The news today is not unexpected, but shows in its true light both the desperation of the Government, the failure of regulation previously and the guarantee of a double dip recession.

This is all quite good for one small announcement. That the FSA will require Banks to hold only Government bonds at tier one capital, no other instruments. Let's ask a rhetorical question, would you rather have bonds invested in UK Gilts or say, Vodafone or BP in the current and future expected climate. Quite.

Instead, banks will be forced to hold UK Gilts, which gets the treasury out of its QE hole by screwing the banks returns. This may sound like a good plan for avoiding bankruptcy but is really just fixing the markets. It also shows how in the past the FSA had little graps on what was and was not tier one capital, now they are going further than necessary to make up for past laxness.

Finally, this imposition on the banks will reduce greatly their returns say by up to 200 basis points being conservative. This is £12 billion of profits not earned to help fix their balance sheets, so enforcing a slower return to the private sector for the banks. Of course to make up this loss they will increase their borrowing rates and this is how we get to a double dip recession. The banks care about trying to stay solvent, if it screws their customers then so be it - it is their duty to their shareholders (which for 2 of them in the UK, means us as taxpayers).

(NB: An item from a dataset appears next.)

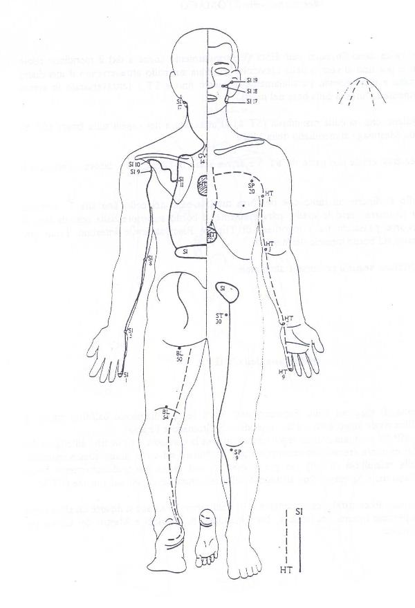 S Sul Sul braccio � tra C e MC, quindi si tratta con braccio a 112,5 nel ventre mediale del bicipite fino all'anulare. Nella gamba, corre sul vecchio decorso di R, ma sotto il tendine; 1) gamba piegata col piede + alto possibile (sopra il ginocchio) di fronte, con m.m. sul ginocchio, 2) oppure dall'altra parte con m.m. su hara, tirando sotto il tendine con le dita 3) oppure col piede in braccio, come R tradizionale.
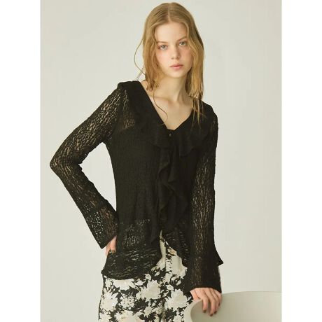 襟から前立てに続く、華やかで立体的なラッフルフリルが目を引くブラウス。

So the result of the change is that the cost of banking to you and I is increased, whilst the cost to the Government is lowered. That is the proposed market fix. Sounds great does it not?

Monday, 7 September 2009

Why G20 banking regs won't work

the papers that i have read today and this blog piece by Robert Peston all agree that the G20 has been something of a triumph for global co-ordination. Yes, the bankers bonus' make the line in the news, but commentators seem happy with the new proposed rule on capital regulation.

This is the idea that banks have to hold more capital to cover potential risk losses and that they must have lower leverage as a result. This should make banking boring.

The downside to this analysis is what I would expect from Financial analysts; in that they miss the politics. Why will France and Germany ruin their banks and ecnomies now when they see the problem as Anglo-Saxon capitalism. France and Germany already have higher public debt ratios than the UK and US.

There is not a chance this will be agreed to in its current form, whatever proclamations are made by G20 finance ministers. Global regulation will have to wait and in the meantime national governments are going to make up their own rules on banking.

Wednesday, 17 June 2009

Darling, to the City; Que Paso?

As usual, the mansion house speech by the Chancellor is being leaked to friends this morning. So after dinner this evening it will be an even more riveting listen for the audience. Hearing Darling say something you have already heard about, in that wonderful voice of his.....I hope they are serving black coffee!
Worse, the UK Government proposes to do nothing of any import, as posted here Monday. The FSA is fine, the Bank of England is fine and so on. Minor changes needed, biff those nasty hedgies etc.

No mention that the Labour Government might cave into Europe and see the City (and thereby the Country it supports, like it or not) ruined. No mention that Obama and the Tories think radical change is needed.

No mention that the Banks themselves are in favour of an overhaul to Basle 2 regulations and the imposition of rules for pro-cycliality (that is, fixing the roof while the sun is shining in bank lending terms).

Nope, we have finger in the ears government today. After all none of this is our fault, it all started in America.